INSTRUCTIONS TO FOLLOW:
Line by line, print the records exactly, and keep images out of the copy.
*** DATASET EXTRACT Section Begins ***
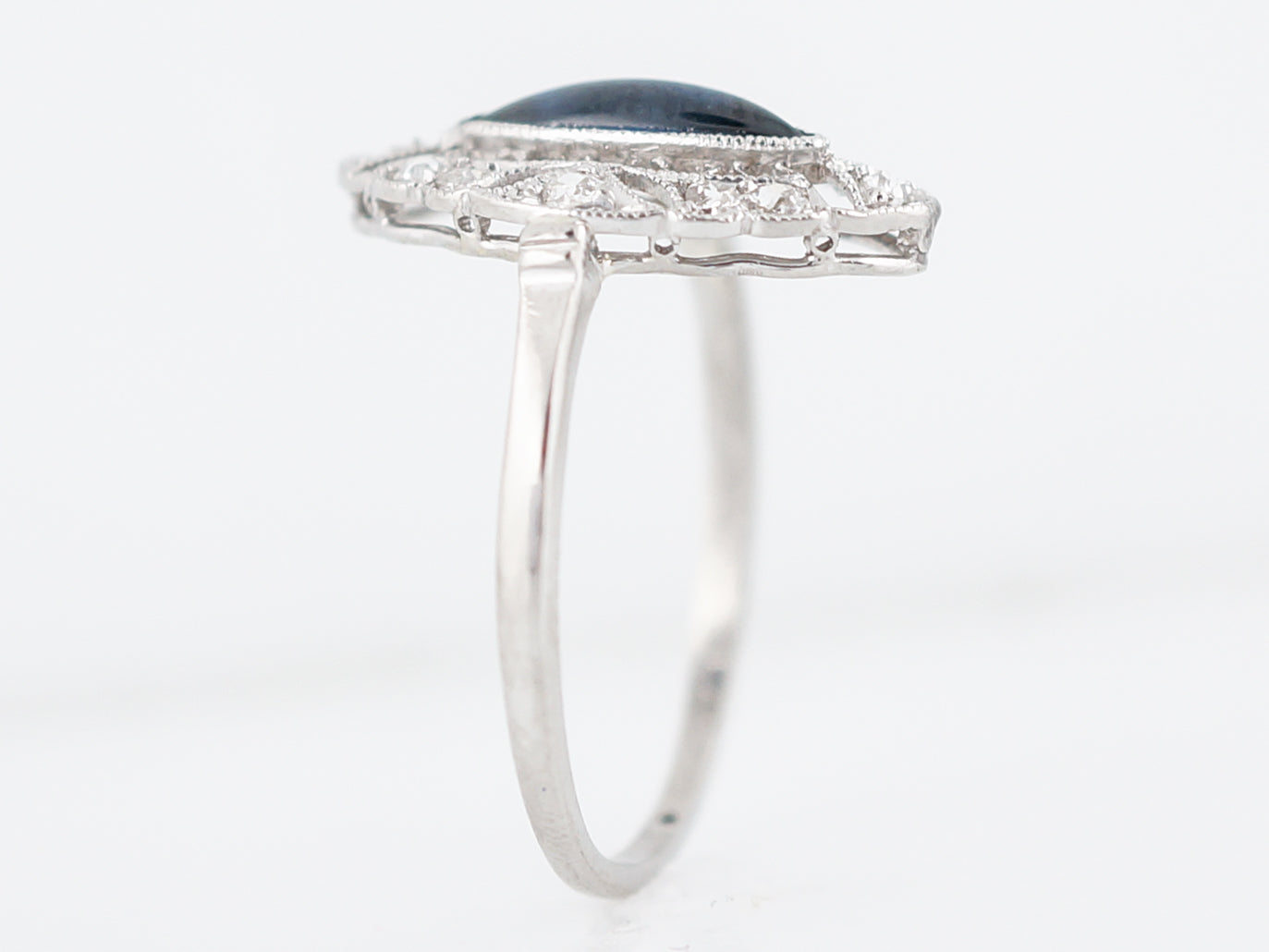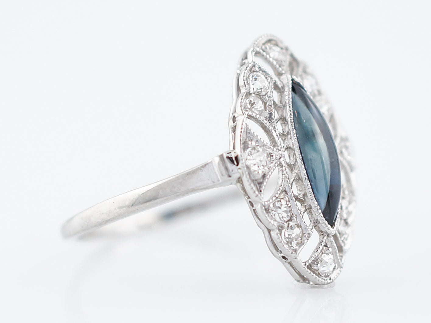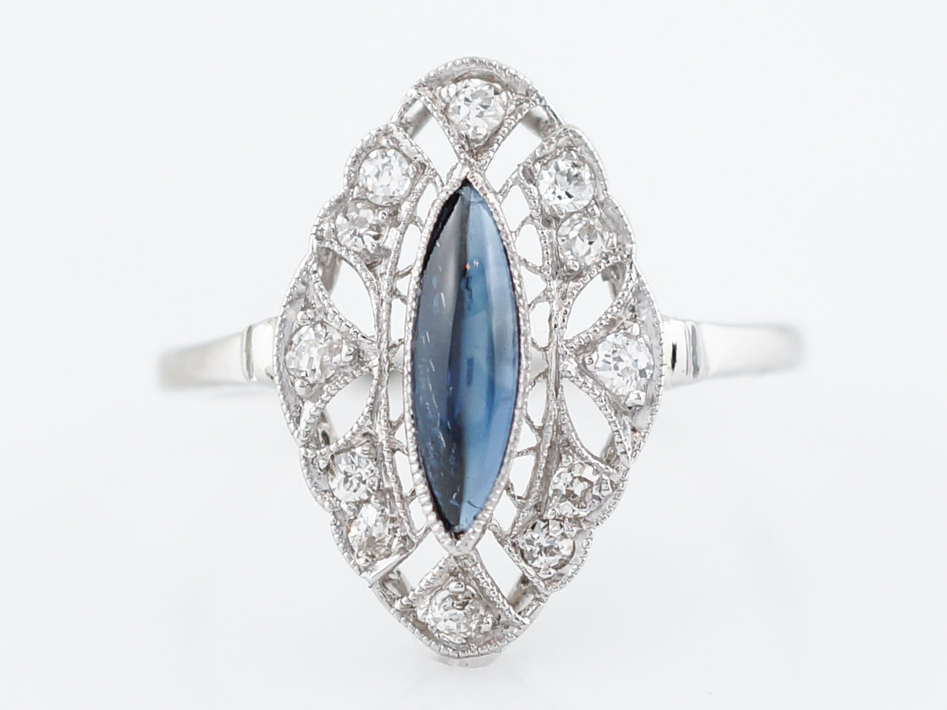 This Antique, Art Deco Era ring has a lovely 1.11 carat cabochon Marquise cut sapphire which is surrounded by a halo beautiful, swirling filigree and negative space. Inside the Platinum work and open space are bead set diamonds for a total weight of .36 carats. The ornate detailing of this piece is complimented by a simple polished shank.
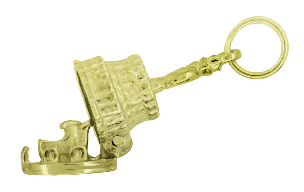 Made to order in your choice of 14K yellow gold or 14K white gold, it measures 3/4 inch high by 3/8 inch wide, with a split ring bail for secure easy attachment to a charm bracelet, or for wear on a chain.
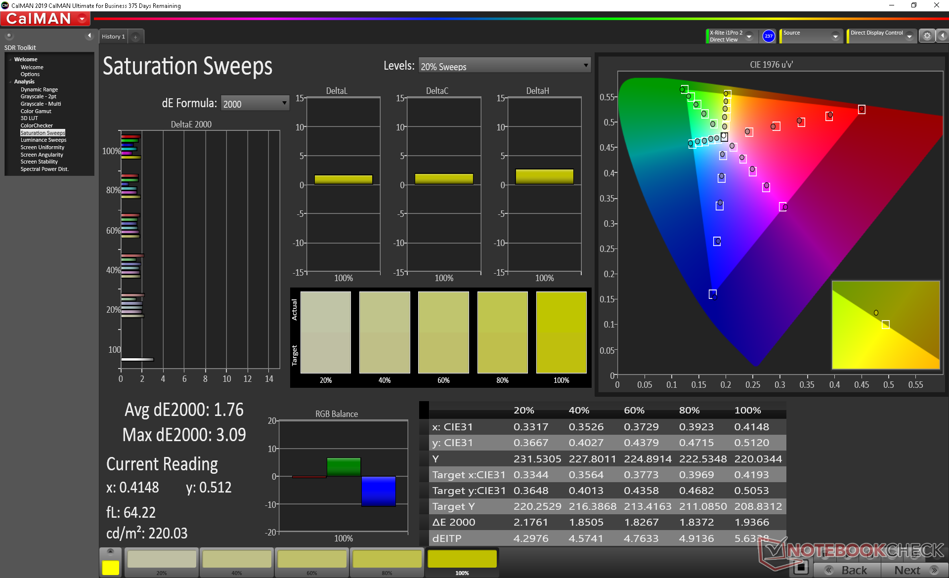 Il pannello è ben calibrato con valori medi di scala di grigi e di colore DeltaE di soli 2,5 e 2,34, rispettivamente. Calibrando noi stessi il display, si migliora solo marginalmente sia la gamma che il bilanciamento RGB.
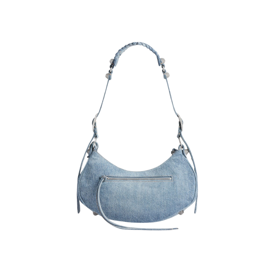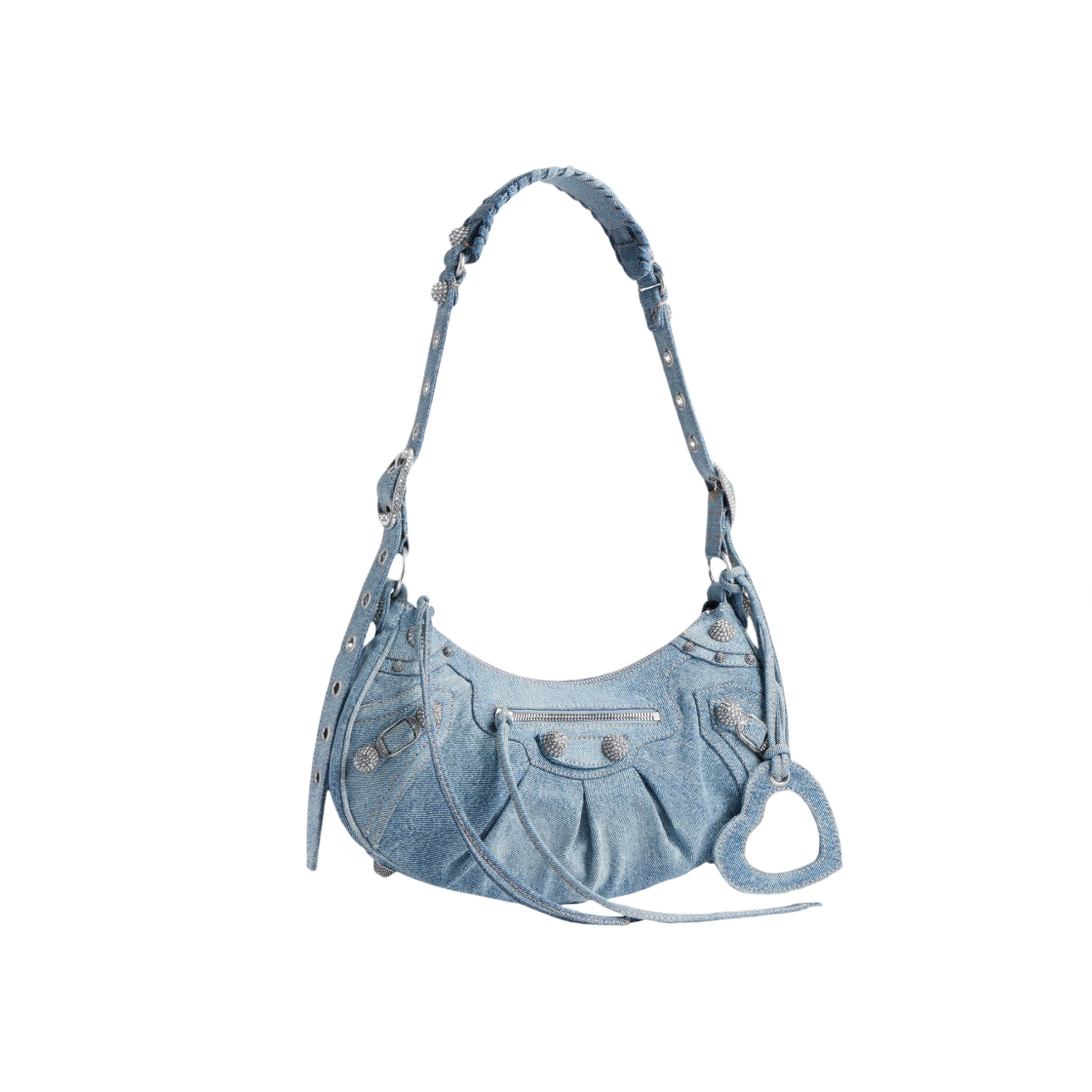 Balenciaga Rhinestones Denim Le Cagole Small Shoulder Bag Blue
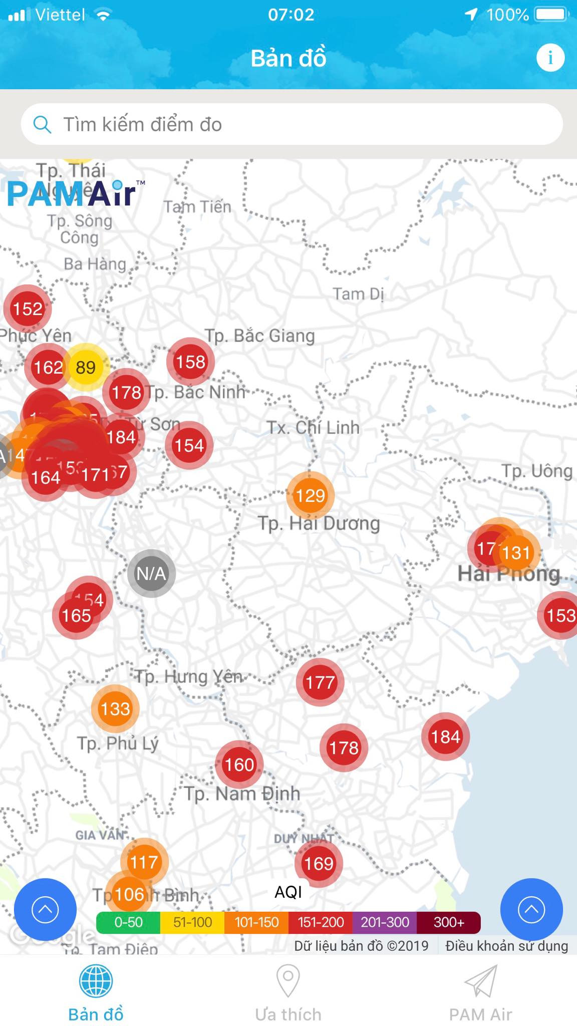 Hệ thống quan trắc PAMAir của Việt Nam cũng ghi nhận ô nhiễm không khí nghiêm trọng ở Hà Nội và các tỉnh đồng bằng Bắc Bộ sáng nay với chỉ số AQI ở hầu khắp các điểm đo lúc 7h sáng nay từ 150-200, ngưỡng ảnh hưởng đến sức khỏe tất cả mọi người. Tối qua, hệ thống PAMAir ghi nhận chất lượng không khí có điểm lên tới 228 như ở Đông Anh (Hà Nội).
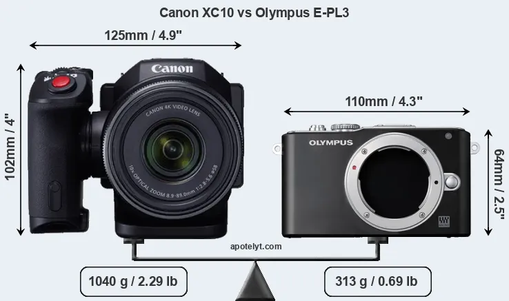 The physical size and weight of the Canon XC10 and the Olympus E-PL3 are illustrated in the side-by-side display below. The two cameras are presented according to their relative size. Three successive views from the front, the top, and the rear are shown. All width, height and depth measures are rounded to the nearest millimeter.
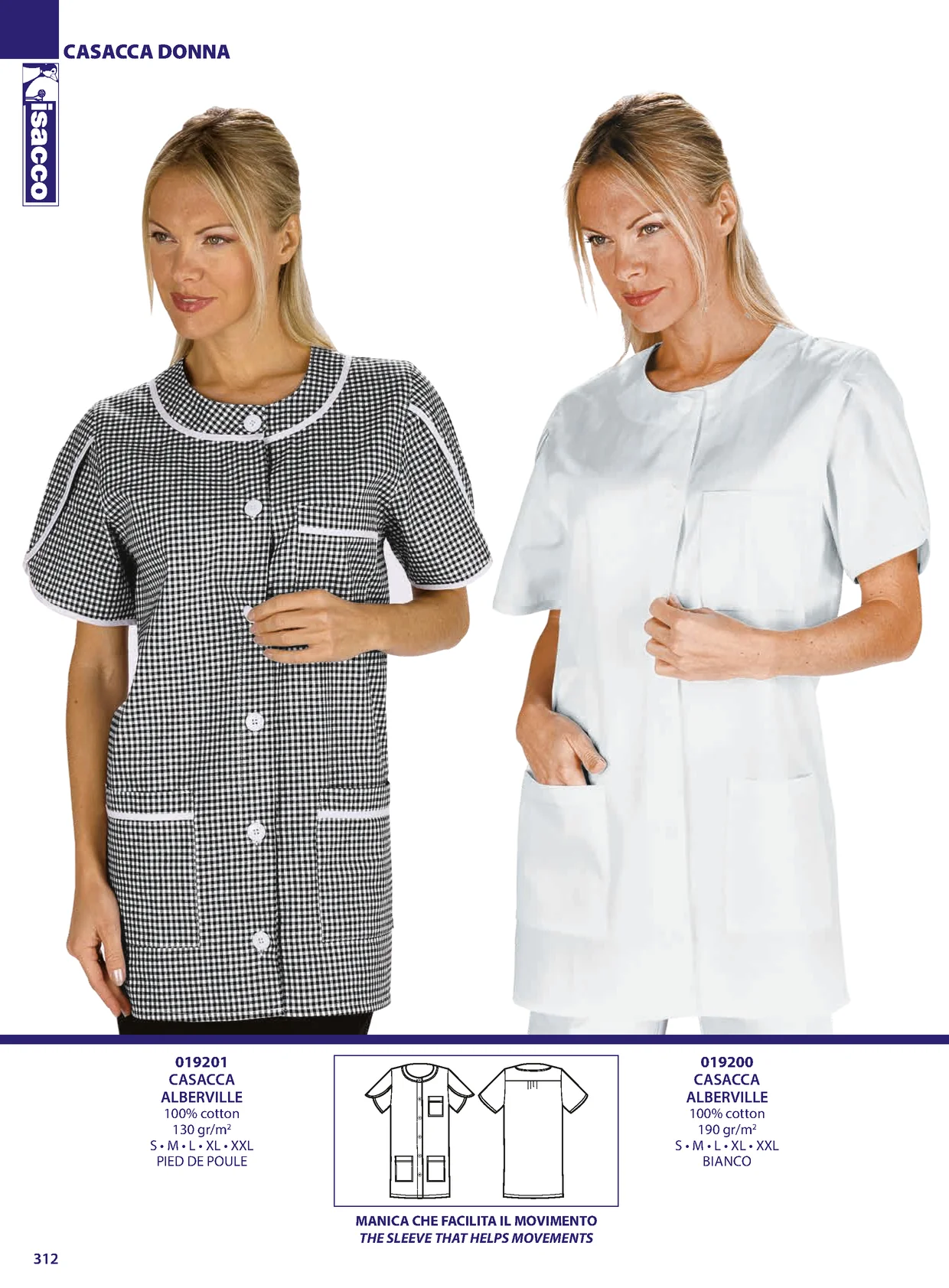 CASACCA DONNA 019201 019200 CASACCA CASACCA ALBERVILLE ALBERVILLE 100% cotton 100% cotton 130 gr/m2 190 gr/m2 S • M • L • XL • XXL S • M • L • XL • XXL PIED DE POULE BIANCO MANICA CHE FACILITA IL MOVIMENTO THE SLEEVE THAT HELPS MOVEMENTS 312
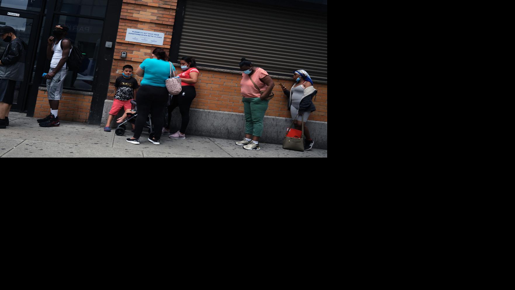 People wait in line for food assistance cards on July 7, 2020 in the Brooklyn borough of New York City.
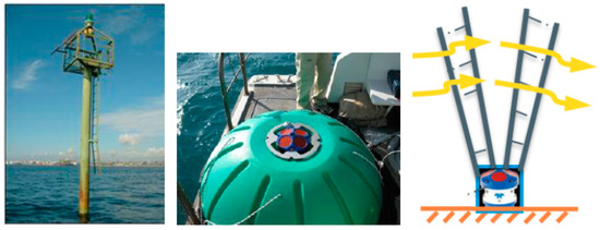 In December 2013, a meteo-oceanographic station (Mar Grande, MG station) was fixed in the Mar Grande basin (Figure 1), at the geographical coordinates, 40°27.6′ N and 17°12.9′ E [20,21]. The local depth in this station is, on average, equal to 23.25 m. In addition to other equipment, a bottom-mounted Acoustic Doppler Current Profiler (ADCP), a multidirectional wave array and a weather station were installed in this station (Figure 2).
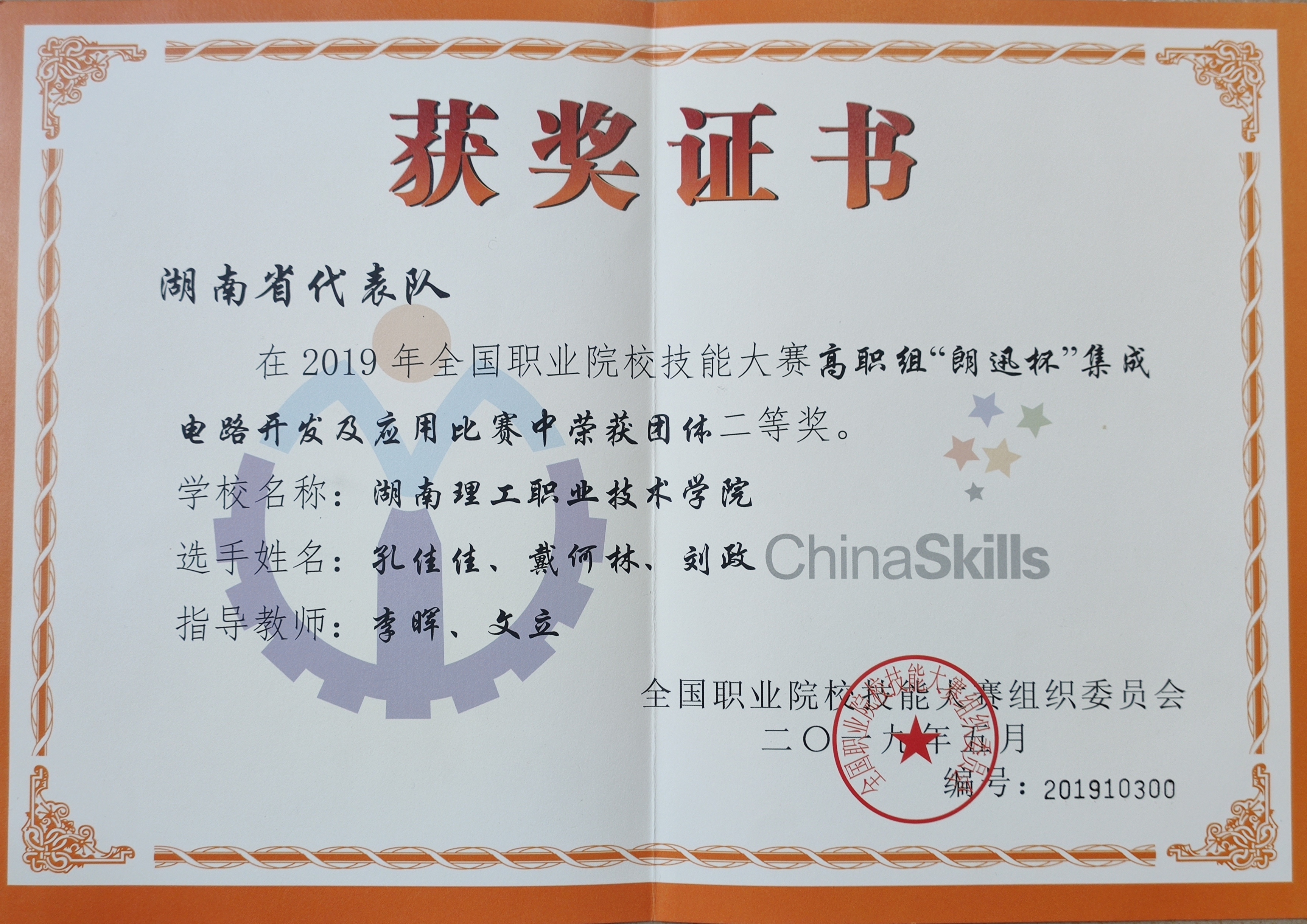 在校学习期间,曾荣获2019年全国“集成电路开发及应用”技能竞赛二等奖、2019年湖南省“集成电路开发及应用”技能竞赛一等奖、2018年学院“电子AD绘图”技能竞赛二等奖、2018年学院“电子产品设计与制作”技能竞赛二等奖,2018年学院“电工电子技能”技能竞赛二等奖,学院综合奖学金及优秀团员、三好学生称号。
*** DATASET EXTRACT Section Ends ***
OUTPUT FOR THIS TASK:
 This Antique, Art Deco Era ring has a lovely 1.11 carat cabochon Marquise cut sapphire which is surrounded by a halo beautiful, swirling filigree and negative space. Inside the Platinum work and open space are bead set diamonds for a total weight of .36 carats. The ornate detailing of this piece is complimented by a simple polished shank.
 Made to order in your choice of 14K yellow gold or 14K white gold, it measures 3/4 inch high by 3/8 inch wide, with a split ring bail for secure easy attachment to a charm bracelet, or for wear on a chain.
 Il pannello è ben calibrato con valori medi di scala di grigi e di colore DeltaE di soli 2,5 e 2,34, rispettivamente. Calibrando noi stessi il display, si migliora solo marginalmente sia la gamma che il bilanciamento RGB.
 Balenciaga Rhinestones Denim Le Cagole Small Shoulder Bag Blue
 Hệ thống quan trắc PAMAir của Việt Nam cũng ghi nhận ô nhiễm không khí nghiêm trọng ở Hà Nội và các tỉnh đồng bằng Bắc Bộ sáng nay với chỉ số AQI ở hầu khắp các điểm đo lúc 7h sáng nay từ 150-200, ngưỡng ảnh hưởng đến sức khỏe tất cả mọi người. Tối qua, hệ thống PAMAir ghi nhận chất lượng không khí có điểm lên tới 228 như ở Đông Anh (Hà Nội).
 The physical size and weight of the Canon XC10 and the Olympus E-PL3 are illustrated in the side-by-side display below. The two cameras are presented according to their relative size. Three successive views from the front, the top, and the rear are shown. All width, height and depth measures are rounded to the nearest millimeter.
 CASACCA DONNA 019201 019200 CASACCA CASACCA ALBERVILLE ALBERVILLE 100% cotton 100% cotton 130 gr/m2 190 gr/m2 S • M • L • XL • XXL S • M • L • XL • XXL PIED DE POULE BIANCO MANICA CHE FACILITA IL MOVIMENTO THE SLEEVE THAT HELPS MOVEMENTS 312
 People wait in line for food assistance cards on July 7, 2020 in the Brooklyn borough of New York City.
 In December 2013, a meteo-oceanographic station (Mar Grande, MG station) was fixed in the Mar Grande basin (Figure 1), at the geographical coordinates, 40°27.6′ N and 17°12.9′ E [20,21]. The local depth in this station is, on average, equal to 23.25 m. In addition to other equipment, a bottom-mounted Acoustic Doppler Current Profiler (ADCP), a multidirectional wave array and a weather station were installed in this station (Figure 2).
 在校学习期间,曾荣获2019年全国“集成电路开发及应用”技能竞赛二等奖、2019年湖南省“集成电路开发及应用”技能竞赛一等奖、2018年学院“电子AD绘图”技能竞赛二等奖、2018年学院“电子产品设计与制作”技能竞赛二等奖,2018年学院“电工电子技能”技能竞赛二等奖,学院综合奖学金及优秀团员、三好学生称号。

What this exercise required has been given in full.